About Us
Louise Spicer, our founder and a keen naturalist, noticed the rapid decline in farmland birds so decided to act in 2003 by setting up Bird Aid, now Farmland Bird Aid Network (FBAN). This West Oxfordshire-based charity has helped to feed our declining farmland birds during the ‘hunger gap’ from January to early May ever since. The charity has joined forces with a number of landowners to develop new feeding sites with keen volunteers to create a remarkable conservation project. This is now a coordinated NGO/citizen effort which is continuing to grow.
With advice from the RSPB, Farmland Bird Aid Network (formerly Bird Aid) has expanded rapidly in the last few years with over forty feeding sites. The charity’s success is thanks to a passionate and growing band of over forty volunteers and supportive landowners and farmers. In the past few years, new feeding sites have been created in Charlbury, Finstock, Hailey, Leafield, North Leigh, Stonesfield, Wilcote, Wootton, Taston and Enstone.

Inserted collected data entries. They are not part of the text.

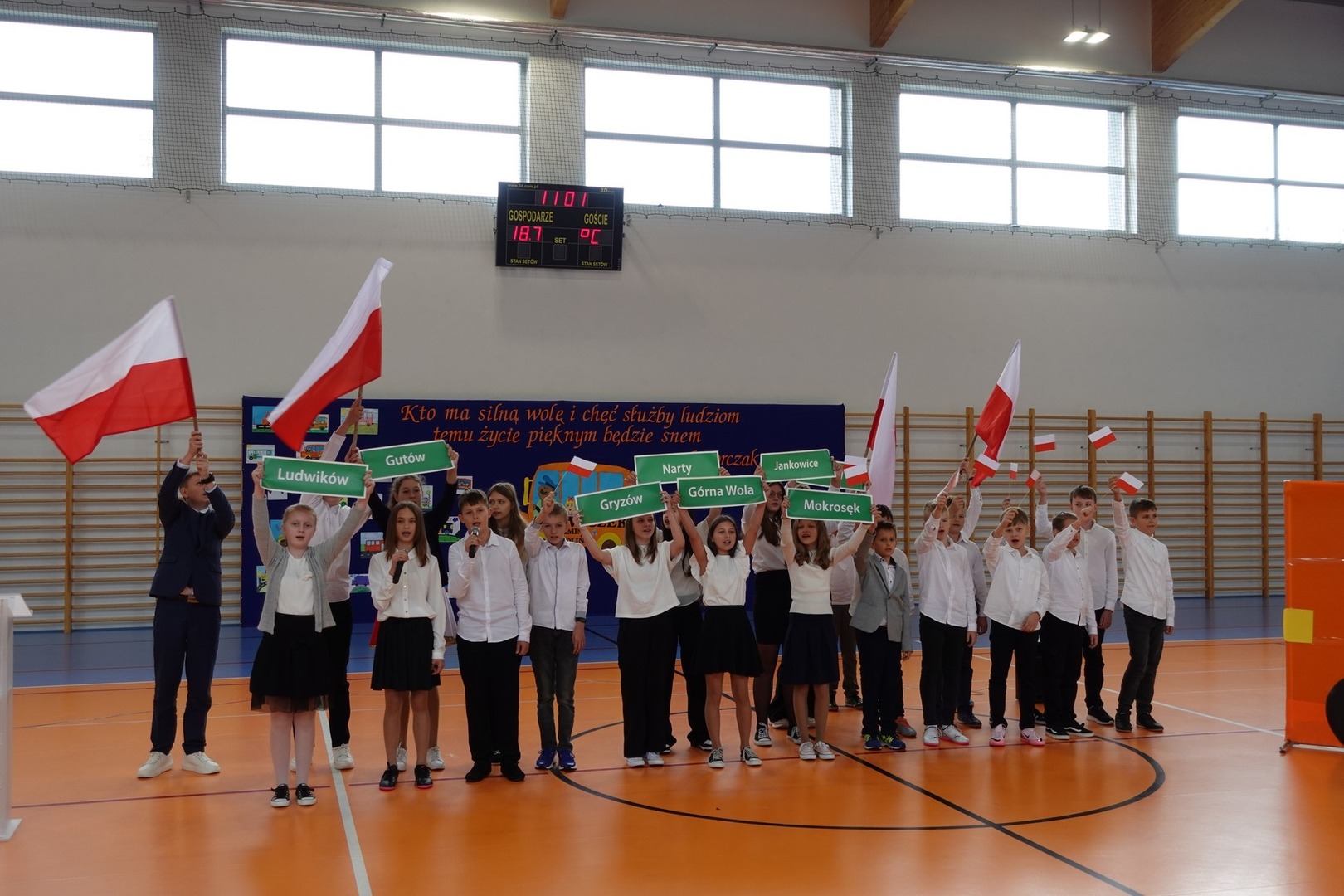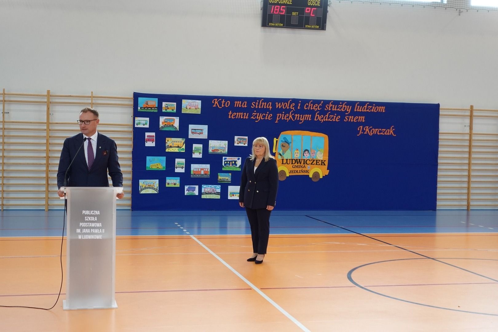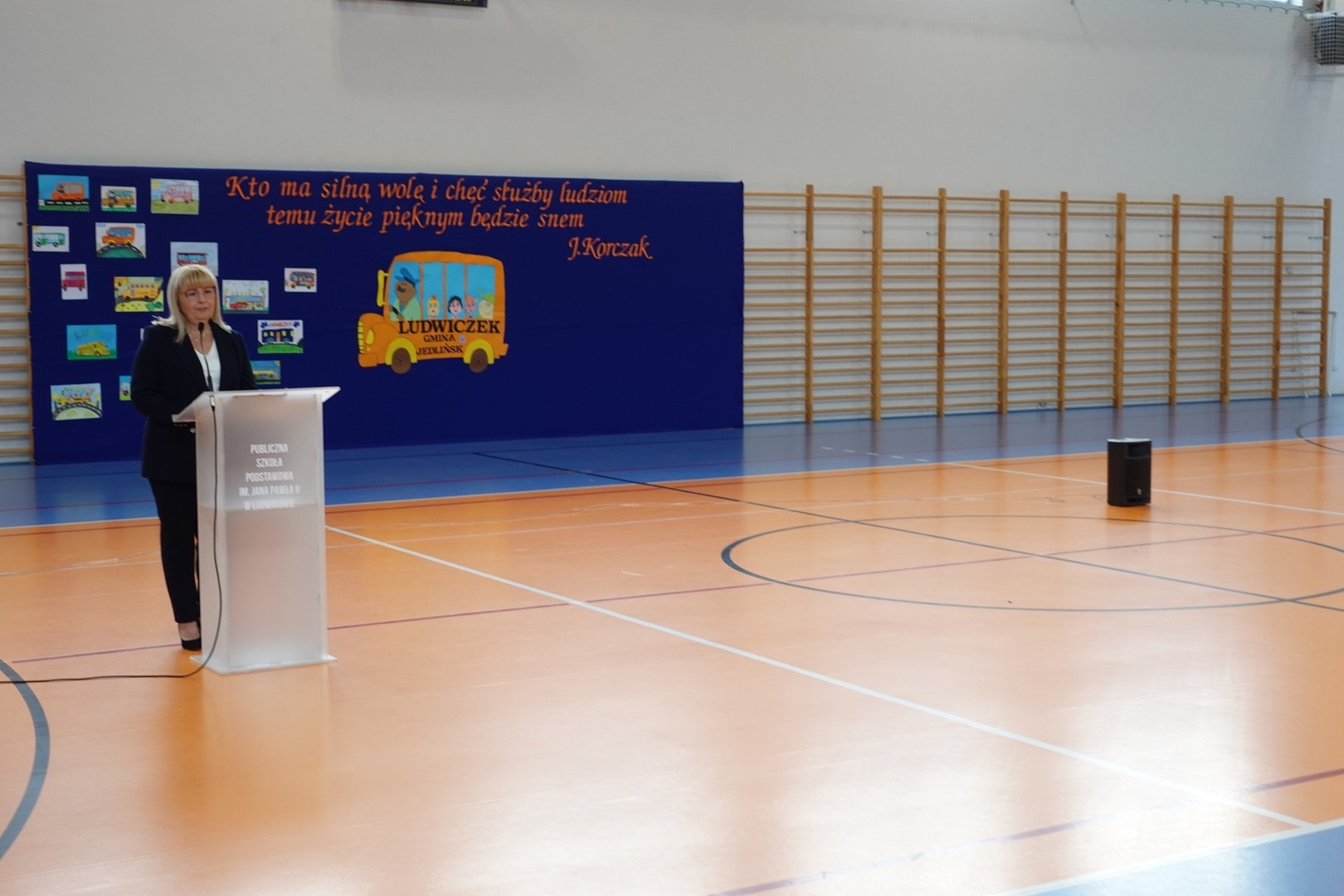 W uroczystości uczestniczyli przedstawiciele władz wojewódzkich, powiatowych i gminnych oraz cała społeczność szkolna. Z tej radosnej okazji uczniowie PSP im. Jana Pawła II w Ludwikowie przygotowali krótki program artystyczny - wycieczkę po bliższych i dalszych zakątkach naszej pięknej Ojczyzny.
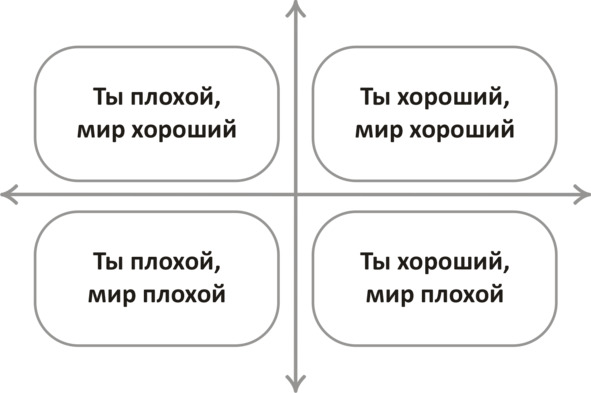 Существуют 4 модели воспитания: «Ты плохой, мир плохой», «Ты плохой, мир хороший», «Ты хороший, мир плохой», «Ты хороший, мир хороший».
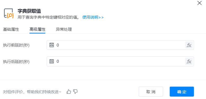 ● 字典选取:输入想要获取键值的字典的名称,或直接从变量库中选取。
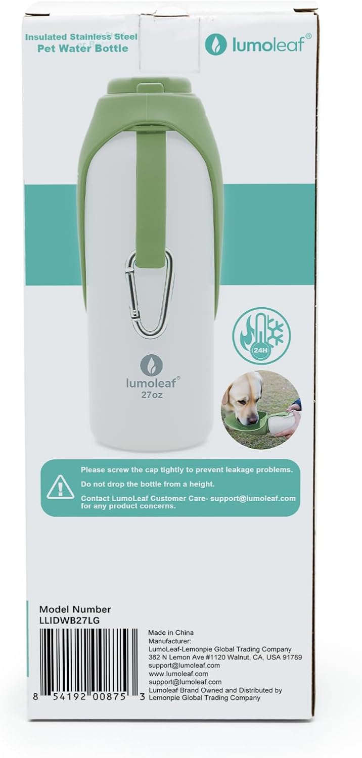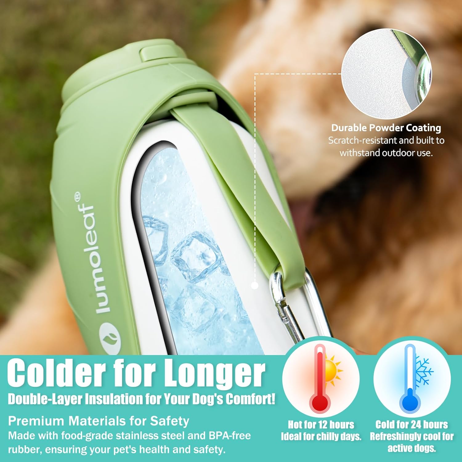 🛡️ LumoLeaf Insulated Dog Water Bottle 27 oz Stainless Steel – Keep Water Cool or Warm, Portable Pet Water Bowl for Travel, Wide Mouth for Easy Ice Filling & Cleaning (Green, 27 oz) — Safety, Comfort & Current Price (Review)

Scattered wheat, millet and rape seed helps to ensure linnets, yellowhammers and reed buntings survive during winter and spring when there is no natural feeding left.
Regular surveying suggests over 850 yellowhammers and chaffinches, almost 850 linnets and over 50 skylarks were fed over the last few winters.
The charity is run by a team of four experienced volunteer trustees: Genny Early, Jane Ellis, Hannah Bourne-Taylor, Anne Miller, Will Dennis and Toby Swift, with ongoing help and expert advise from Louise Spicer and Mike Kettlewell.
We are always looking to connect with more volunteers, land owners and farmers locally and further afield to expand our reach, since this is a national-scale issue that together we can combat through awareness, habitat restoration and supplementary feeding.